Our political environment is sorely marked by anger. This basic emotion can be either a destructive or a positive force.

Anyone involved in activism knows that anger can motivate people. There are so many things one should be angry about. Corruption, injustices, interminable traffic, problems resulting from a politically imposed overpopulation and the mega-power of the mega-rich. This is just a short list of a much longer menu of issues that legitimately make people angry.

Anger can also be a Christian duty.

“If a person did not become indignant at an injustice, if he did not feel something quivering in his gut at the oppression of the weak, it would mean that that person was not human, much less a Christian.” That’s what Pope Francis told his audience during his catechesis on anger last January.

But anger can be intoxicating if it becomes the sole or main driver of activism. There are people who are so busy being angry that they have no time or energy to do anything else. They are justifiably angry at the people causing the injustice. These anger-drenched armchair critics are also angry at those fighting corruption and injustice. They say that these others are not doing enough and are not being effective.

These pathetic morons act as if fighting injustice is someone else’s duty and not theirs as well. They believe it is enough if they just continuously criticise others while not realising that their attitude does nothing but discourage those who, against all odds and at great personal sacrifice, strive to rectify things.

Others, though angry, mistakenly believe that the corrupt businessmen and politicians who try to lord it over us are more powerful than they actually are.
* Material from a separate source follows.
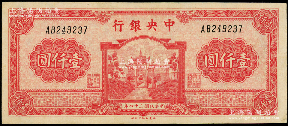 民国三十四年(1945年)中央银行福建百城版壹仟圆,九成新

As a result, the fighting spirit that could have arisen from their anger is crushed and they just slide into a sense of helplessness. They become bitter and cynical while believing that revenge is their only way out of this conundrum.

There are others who are angry not because they seek revenge but because they want to restore what they love, for example, truth and justice as the basis of the common good, the care of mother earth, the elimination of corruption and the defence of the rights of those on the margins of society.

Thus, they don’t emphasise what cannot be done but lobby for what can be done. They are not awed by the power of the corrupt but are enthused by the collective power of like-minded people who want to bring about change. They don’t want to destroy but to build. They are after reconciliation and not elimination. This is a fighting strategy that can become a winning strategy.

Anger can be intoxicating if it becomes the sole or main driver of activism- Fr Joe Borg

In the course of a homily in the National Stadium at the Singapore Sports Hub this month, Pope Francis proposed a strategy based on the power of “the love that builds”. In answer to those who think that this is a naïve statement, he replied:

“If there is anything good that exists and endures in this world, it is only because, in innumerable situations, love has prevailed over hate, solidarity over indifference, generosity over selfishness.”

Political and civil society advocates inspired by the strategy of “the love that builds”  strive more to serve people than to acquire self-serving power. Such a strategy is robust as it is free from the politics of negative anger and cynicism. It can effectively combat corruption, injustice, policies based on self-interest, cronyism and arrogant governance. A political strategy based on “the love that builds” can really bring joy and hope, which people need as much as the air they breathe.

To the cynics that pooh-pooh this, I retort with the rhetorical question that George Lakoff, an American cognitive linguist and philosopher, asked during a podcast on FrameLab. If anger and hate can be a strategy, why can’t joy and hope?

He continued:

“If you feel good about somebody’s political views – if joining with them, voting for them, etc., makes you feel good, makes you feel happy – that’s the most powerful thing there can be in politics. If they identify with something deep inside you, with who you really are most deeply, that’s what this is about. This is about politics that identifies with who people are, and with what they need.”

If you think that this is too emotional and, so, not effective, note that, according to Lakoff, 80 per cent of our life is emotion and only 20 per cent is intellect.

Regarding the election in the US, Lakoff notes that while Donald Trump is running a campaign largely fuelled by anger, fear and grievance, Kamala Harris’s campaign is based on a strategy of joy together with the time-tested theme of freedom.

There are too many in Malta who, like Trump, think that their victory can only be achieved by a campaign of anger, fear and grievance.

Their continuous vitriolic attacks and the indiscriminate (in contrast to the strategic) ‘noħorġu fit-toroq’ appeals put many people off. This is a strategy doomed to fail for there is all over it the stamp of negativity and arrogance that is betrayed by the description of the people as stupid popolin.

 Many are not motivated by this negativity, even though they see the mountain of filth that engulfs us. The majority, I believe, want to clean the Augean stables that this nation has been turned into.

Anger could be a good start but on its own, I suspect, it will not get us to the finishing line.

To motivate people and drive them into action, one has to satisfy their yearning for a campaign that dares to dream of a realistic and an achievable better future.

For the marathon needed to clean and rebuild, people need the inspiration and encouragement that only joy and hope can provide.